_SUPPLIED MATERIAL_

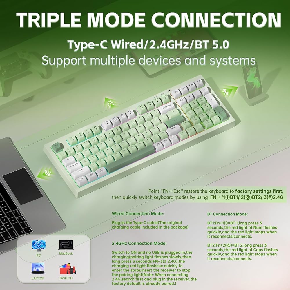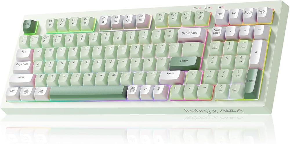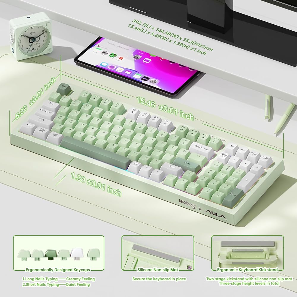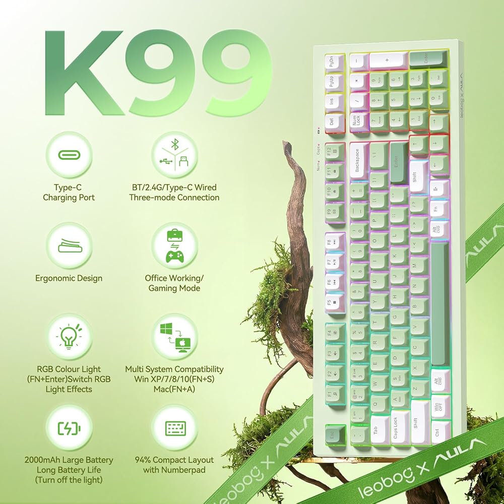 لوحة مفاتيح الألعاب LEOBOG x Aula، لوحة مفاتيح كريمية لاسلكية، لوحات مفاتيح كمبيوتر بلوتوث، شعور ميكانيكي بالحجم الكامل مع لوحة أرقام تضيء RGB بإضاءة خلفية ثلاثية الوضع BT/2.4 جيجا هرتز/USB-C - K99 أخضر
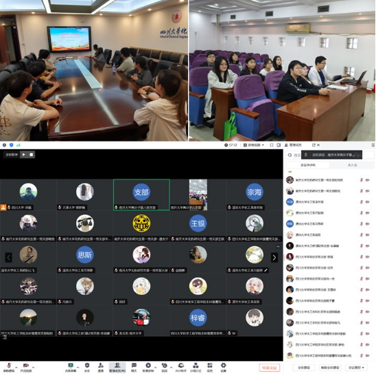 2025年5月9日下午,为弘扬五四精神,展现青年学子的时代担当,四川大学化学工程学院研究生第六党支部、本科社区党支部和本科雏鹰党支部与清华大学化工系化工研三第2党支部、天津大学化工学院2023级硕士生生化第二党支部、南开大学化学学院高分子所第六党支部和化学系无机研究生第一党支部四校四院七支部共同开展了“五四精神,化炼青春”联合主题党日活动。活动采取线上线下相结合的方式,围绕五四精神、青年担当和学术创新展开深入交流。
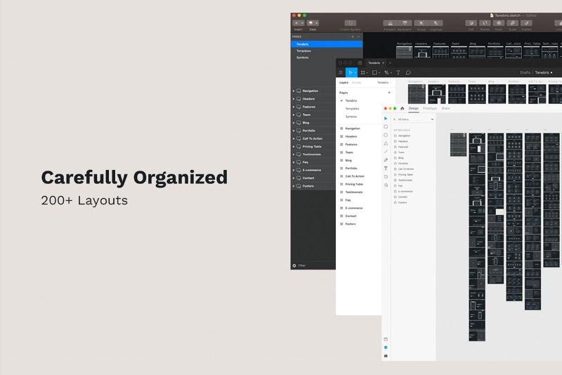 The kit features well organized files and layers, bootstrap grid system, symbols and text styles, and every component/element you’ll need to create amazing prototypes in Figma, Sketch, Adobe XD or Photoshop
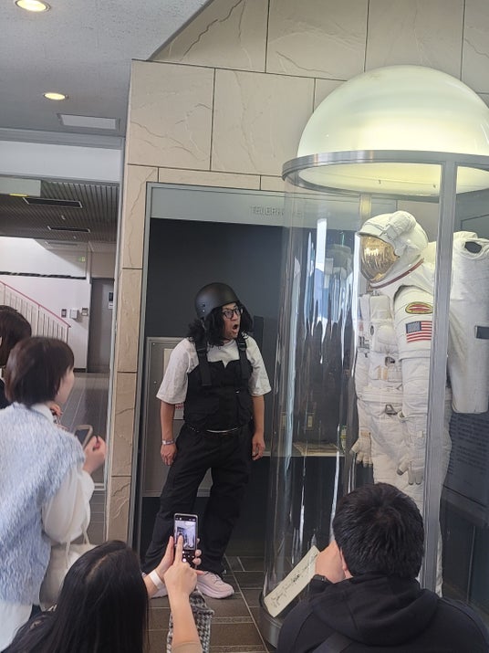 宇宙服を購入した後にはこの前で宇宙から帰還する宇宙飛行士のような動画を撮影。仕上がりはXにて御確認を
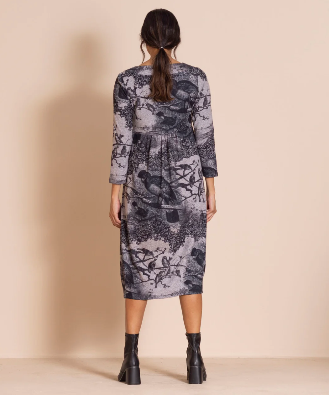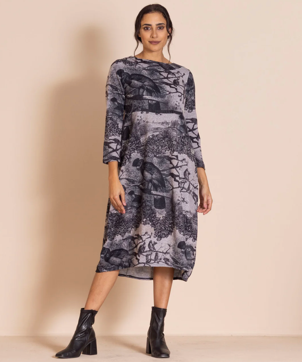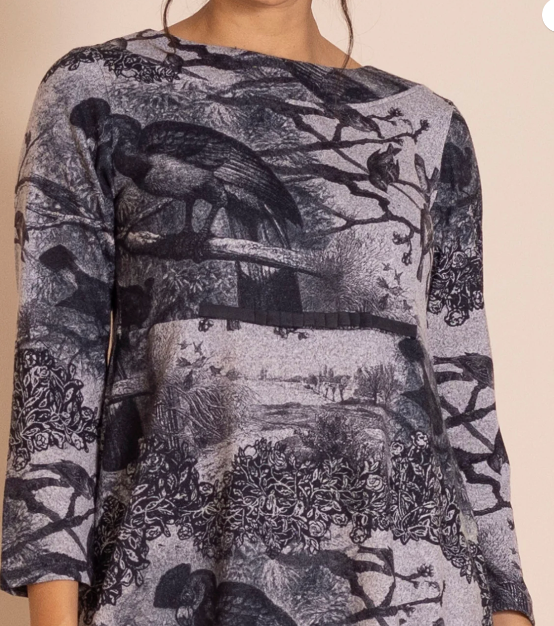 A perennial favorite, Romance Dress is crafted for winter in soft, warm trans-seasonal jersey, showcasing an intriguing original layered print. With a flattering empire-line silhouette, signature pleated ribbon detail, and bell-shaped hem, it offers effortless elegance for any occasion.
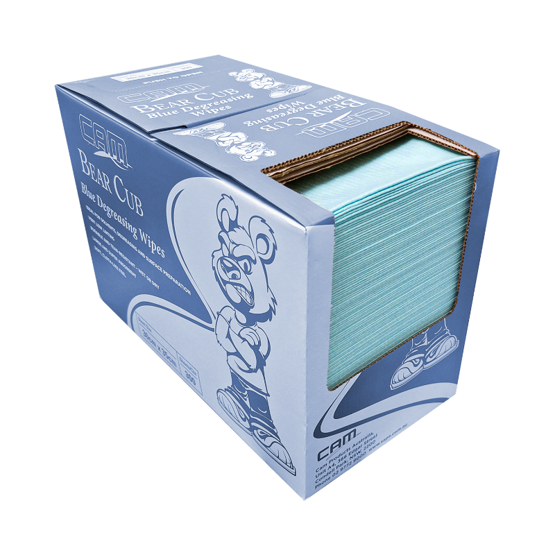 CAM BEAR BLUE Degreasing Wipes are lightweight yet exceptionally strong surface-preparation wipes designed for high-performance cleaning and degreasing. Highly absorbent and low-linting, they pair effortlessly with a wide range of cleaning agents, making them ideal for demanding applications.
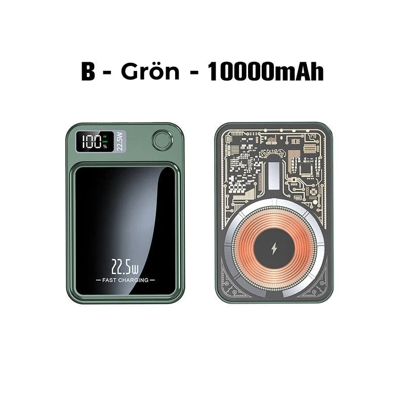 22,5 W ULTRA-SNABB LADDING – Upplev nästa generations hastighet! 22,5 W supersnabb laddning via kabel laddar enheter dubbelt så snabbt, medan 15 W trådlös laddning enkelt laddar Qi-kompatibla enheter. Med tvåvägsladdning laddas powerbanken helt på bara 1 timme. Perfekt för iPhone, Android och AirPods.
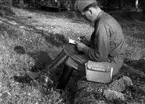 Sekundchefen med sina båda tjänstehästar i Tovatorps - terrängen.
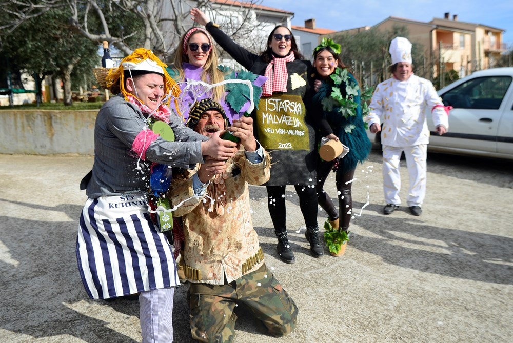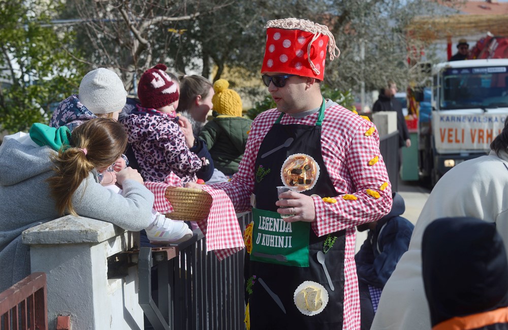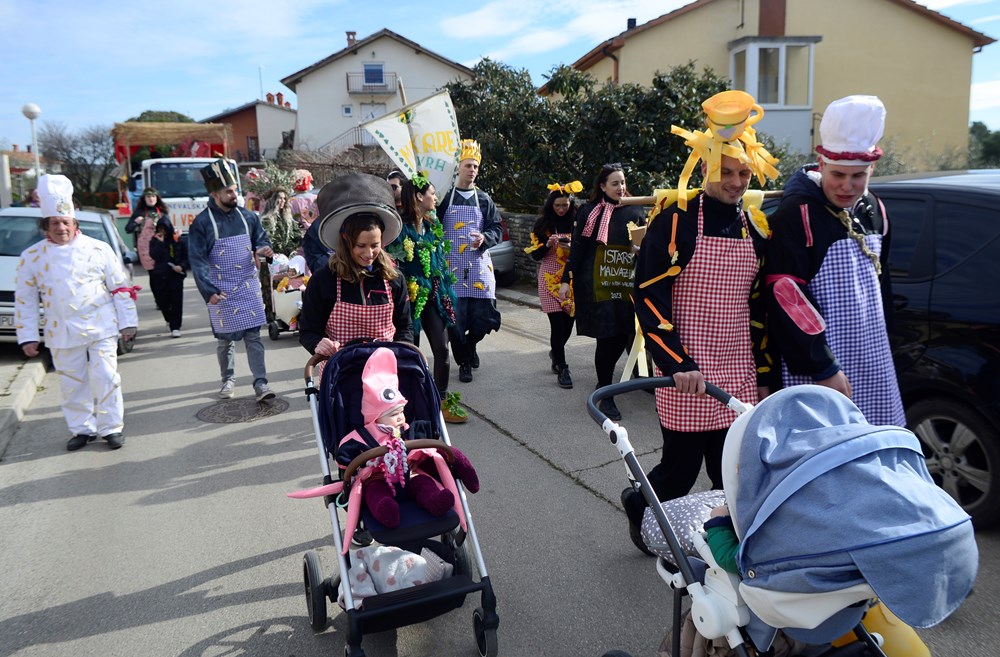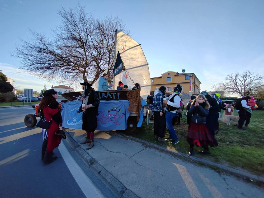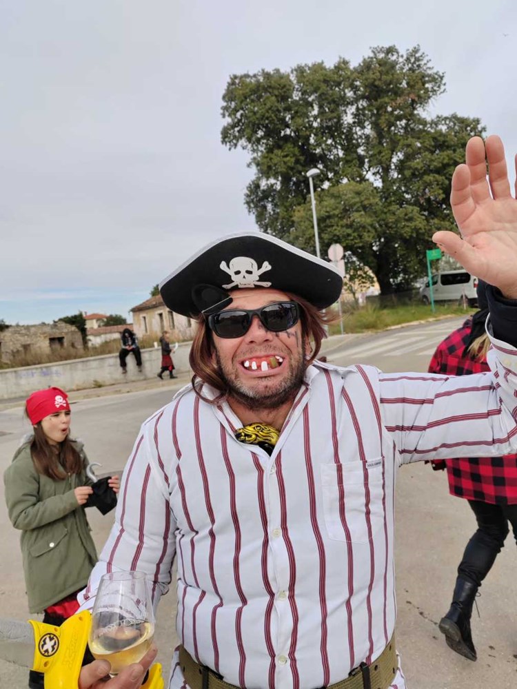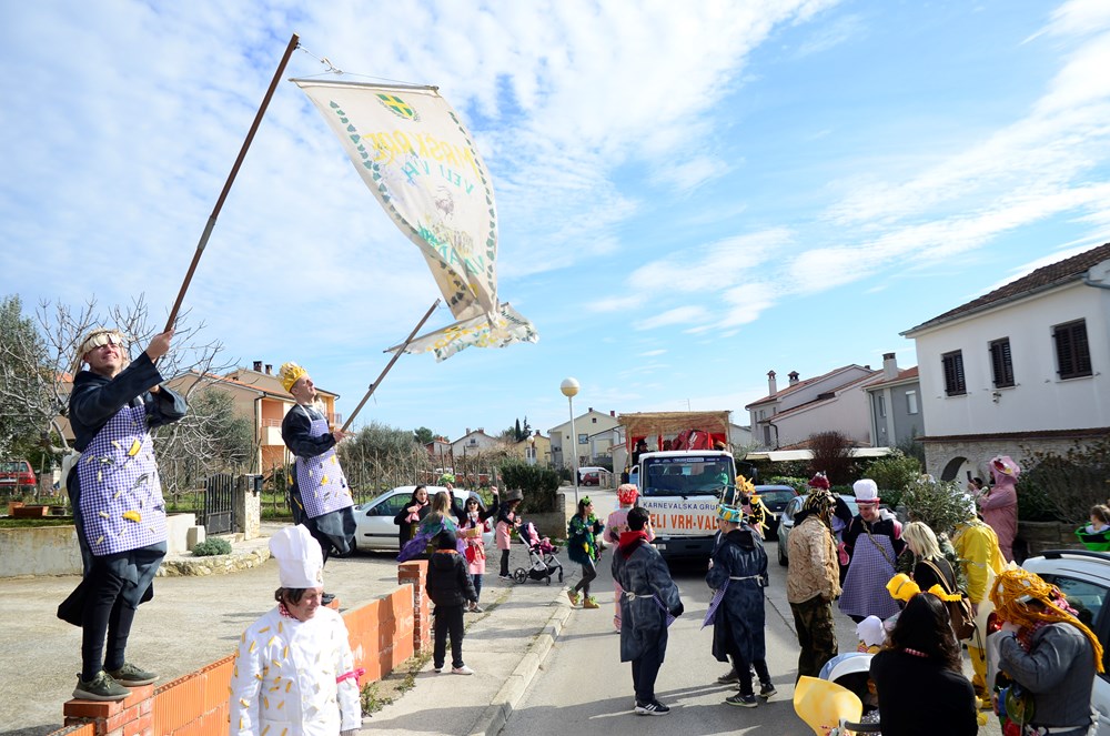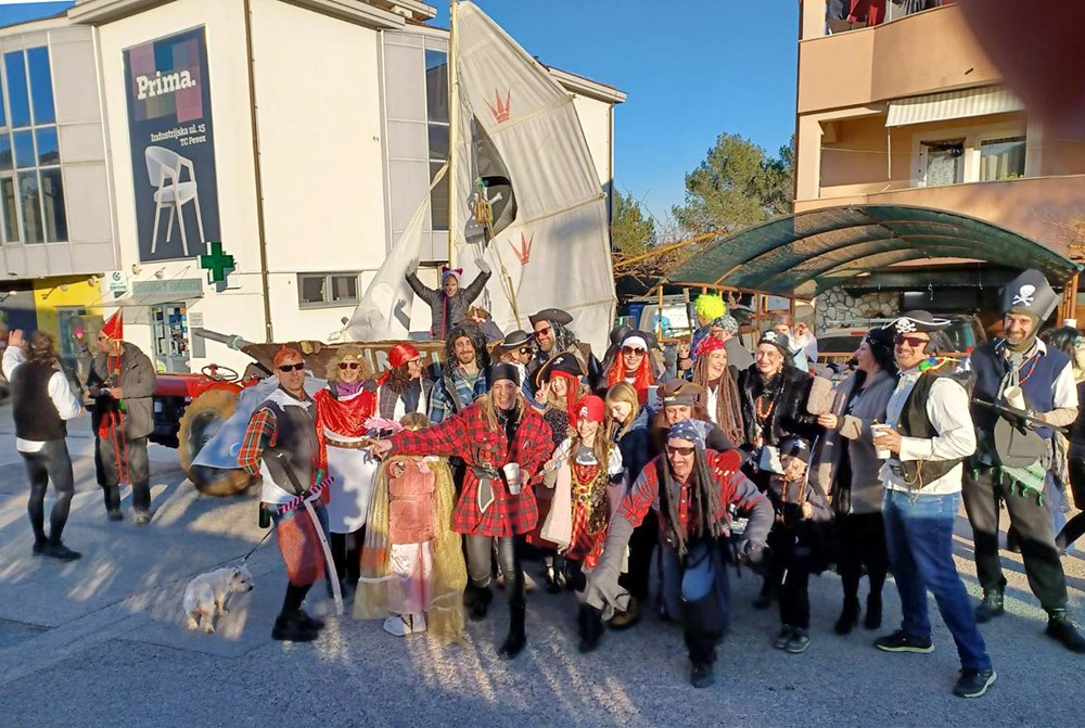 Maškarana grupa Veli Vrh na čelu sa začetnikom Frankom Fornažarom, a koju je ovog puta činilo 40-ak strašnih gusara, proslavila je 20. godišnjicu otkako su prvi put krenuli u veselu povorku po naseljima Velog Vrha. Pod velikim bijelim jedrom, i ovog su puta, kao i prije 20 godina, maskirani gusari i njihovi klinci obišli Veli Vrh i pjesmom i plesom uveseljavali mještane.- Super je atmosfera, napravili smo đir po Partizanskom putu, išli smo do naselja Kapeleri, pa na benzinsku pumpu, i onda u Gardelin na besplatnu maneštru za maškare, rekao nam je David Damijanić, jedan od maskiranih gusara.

_THE PROBLEM_
Your task is to set down the records shown above exactly, minus any pictures.

_RESPONSE TO THE TASK_
 لوحة مفاتيح الألعاب LEOBOG x Aula، لوحة مفاتيح كريمية لاسلكية، لوحات مفاتيح كمبيوتر بلوتوث، شعور ميكانيكي بالحجم الكامل مع لوحة أرقام تضيء RGB بإضاءة خلفية ثلاثية الوضع BT/2.4 جيجا هرتز/USB-C - K99 أخضر
 2025年5月9日下午,为弘扬五四精神,展现青年学子的时代担当,四川大学化学工程学院研究生第六党支部、本科社区党支部和本科雏鹰党支部与清华大学化工系化工研三第2党支部、天津大学化工学院2023级硕士生生化第二党支部、南开大学化学学院高分子所第六党支部和化学系无机研究生第一党支部四校四院七支部共同开展了“五四精神,化炼青春”联合主题党日活动。活动采取线上线下相结合的方式,围绕五四精神、青年担当和学术创新展开深入交流。
 The kit features well organized files and layers, bootstrap grid system, symbols and text styles, and every component/element you’ll need to create amazing prototypes in Figma, Sketch, Adobe XD or Photoshop
 宇宙服を購入した後にはこの前で宇宙から帰還する宇宙飛行士のような動画を撮影。仕上がりはXにて御確認を
 A perennial favorite, Romance Dress is crafted for winter in soft, warm trans-seasonal jersey, showcasing an intriguing original layered print. With a flattering empire-line silhouette, signature pleated ribbon detail, and bell-shaped hem, it offers effortless elegance for any occasion.
 CAM BEAR BLUE Degreasing Wipes are lightweight yet exceptionally strong surface-preparation wipes designed for high-performance cleaning and degreasing. Highly absorbent and low-linting, they pair effortlessly with a wide range of cleaning agents, making them ideal for demanding applications.
 22,5 W ULTRA-SNABB LADDING – Upplev nästa generations hastighet! 22,5 W supersnabb laddning via kabel laddar enheter dubbelt så snabbt, medan 15 W trådlös laddning enkelt laddar Qi-kompatibla enheter. Med tvåvägsladdning laddas powerbanken helt på bara 1 timme. Perfekt för iPhone, Android och AirPods.
 Sekundchefen med sina båda tjänstehästar i Tovatorps - terrängen.
 Maškarana grupa Veli Vrh na čelu sa začetnikom Frankom Fornažarom, a koju je ovog puta činilo 40-ak strašnih gusara, proslavila je 20. godišnjicu otkako su prvi put krenuli u veselu povorku po naseljima Velog Vrha. Pod velikim bijelim jedrom, i ovog su puta, kao i prije 20 godina, maskirani gusari i njihovi klinci obišli Veli Vrh i pjesmom i plesom uveseljavali mještane.- Super je atmosfera, napravili smo đir po Partizanskom putu, išli smo do naselja Kapeleri, pa na benzinsku pumpu, i onda u Gardelin na besplatnu maneštru za maškare, rekao nam je David Damijanić, jedan od maskiranih gusara.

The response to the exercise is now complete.